The nervous system is made up of neurons (nerve cells) that
transmit nervous impulses and glial cells (supporting cells).
Glial of the CNS
Astrocytes - provide a cellular connection between the neurons
and capillaries, transport nutrients and waste.
Control the chemical environment around the neuron.
Absorb and recycle neurotransmitters.
Not the blood brain barrier.
Oligodendrocytes - processes wrap around neurons and
insulate them from stimulation from other neurons.Form myelin
sheath around axons.
Microglia - small phagocytic white blood cells that migrate
through CNS.
Ependymal cells - line the cavities of the CNS that are
filled with cerebrospinal fluid (CFS). Have role in monitoring
CSF and producing CSF.
Glial of the PNS
Satellite cells - surround the cell bodies of neurons. Thought
to assist the neuron in maintaining homeostasis, e.g. chemical
environment.
Schwann cells - wrap around the axon and forms a myelin
sheath.
Myelin sheath increases the spread of transmission of a nerve
impulse along the axon.
Neurons (and muscles) are different from other cells and are
excitable cells.
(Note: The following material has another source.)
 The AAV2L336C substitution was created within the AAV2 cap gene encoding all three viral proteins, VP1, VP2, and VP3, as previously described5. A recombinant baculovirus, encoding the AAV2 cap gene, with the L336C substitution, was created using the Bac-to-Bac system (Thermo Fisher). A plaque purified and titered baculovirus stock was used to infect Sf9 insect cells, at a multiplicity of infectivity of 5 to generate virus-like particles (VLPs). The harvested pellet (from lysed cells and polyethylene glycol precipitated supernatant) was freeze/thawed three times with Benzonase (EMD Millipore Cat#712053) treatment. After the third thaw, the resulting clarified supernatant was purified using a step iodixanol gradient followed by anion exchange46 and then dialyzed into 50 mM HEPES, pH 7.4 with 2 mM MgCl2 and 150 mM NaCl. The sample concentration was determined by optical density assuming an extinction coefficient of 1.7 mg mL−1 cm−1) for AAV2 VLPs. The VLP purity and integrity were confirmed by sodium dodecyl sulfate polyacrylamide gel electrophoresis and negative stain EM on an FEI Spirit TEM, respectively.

Neurons transmit nerve impulses.
Functionally neurons are divided into sensory neurons, interneurons
and motor neurons.
Each have an input zone (dendrites), a transmission zone
(axon) an output zone (axon terminal) and a cell
body (contains the nucleus).
So how do neurons work?
As mentioned earlier neurons are excitable cells.
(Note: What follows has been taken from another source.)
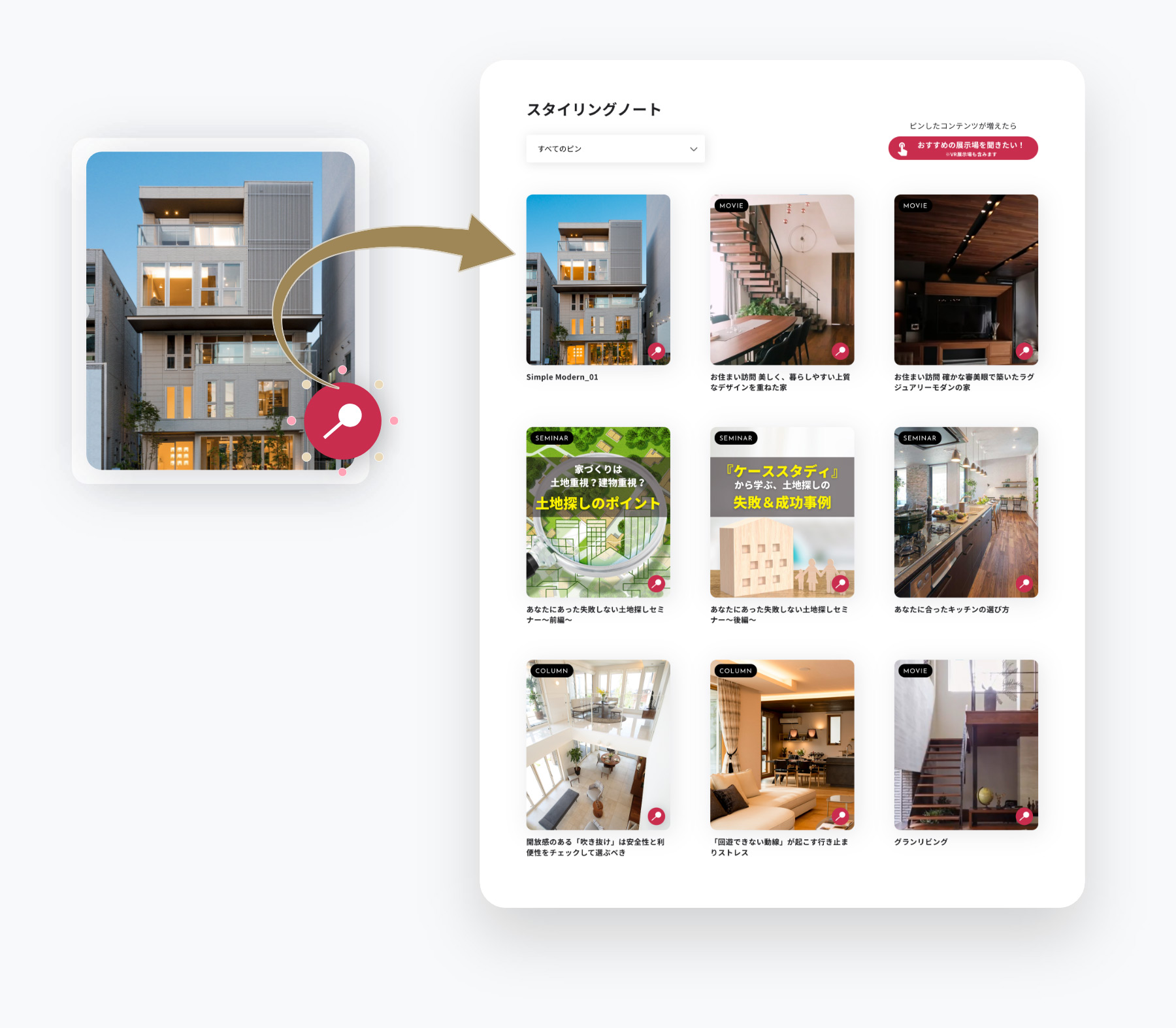 ステップに沿って進(jìn)めながら、気になったコンテンツをピン留めすることで

Neurons maintain an imbalance in charged particles inside and
outside of their cell membrane.
The cell traps large negatively charged organic molecules inside
the cell, and actively controls the movement of positive ions
to produce an electrical potential across the membrane.
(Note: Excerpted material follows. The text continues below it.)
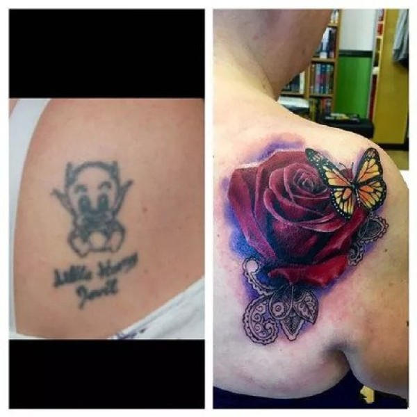 用玫瑰花做的修改遮盖纹身图案前后对比图

Revision - transport across membranes.
Some molecules like O2 and CO2 can simply
diffuse through a membrane because they are fat soluble.
Larger molecules and charged particles (ions) cannot diffuse through a cell
membane but can be transported passively or actively by carriers (proteins
imbedded in the membrane)
Back to how a neuron works.
Neurons maintain an imbalance in charged particles inside and
outside of their cell membrane.
The cell traps large negatively charged organic molecules inside
the cell, and actively controls the movement of positive ions
to produce an electrical potential across the membrane.
Protein pumps in the membrane maintain the potential by pumping
out 3 Na+ ions in exchange for 2 K+ ions.
The outside of the cell is more positive than the inside.
This imbalance is called the resting potential of the cell.
For a somatic motor neuron it is commonly about -70 millivolts,
but varies in the range of neurons from about -30 mV to about
-100 mV.
At their resting potential, neurons are referred to as polarized, because
the inside is negative compared to the outside.
Neurons can be stimulated or excited at their dendrites.
Excitation changes the potential across the cell membrane by opening channels
and allowing Na+ and K+ to diffuse through the membrane.
Allowing Na+ and K+ diffusion leads to
a depolarization of the membrane potential.
Such a depolarization event is localized to the area around the
point of excitation. Na+/K+ pumps soon return
the potential back to the original resting potential.
The effect of this local depolarization diminishes with
distance away from the site of excitation like a ripple from a
pebble dropped in a pool.
What causes a local excitation?
Depending on the nature of the dendrites it can be many different
criteria.
Such as:touch, stretch, pressure, heat, a chemical etc.
A nerve impulse is triggered when the membrane potential reaches
a critical threshold level at the axon hillock.
This is usually attained by the summation of many local depolarization
events.
A nerve impulse or action potential travels down the axon
away from the axon hillock but does not diminish with distance.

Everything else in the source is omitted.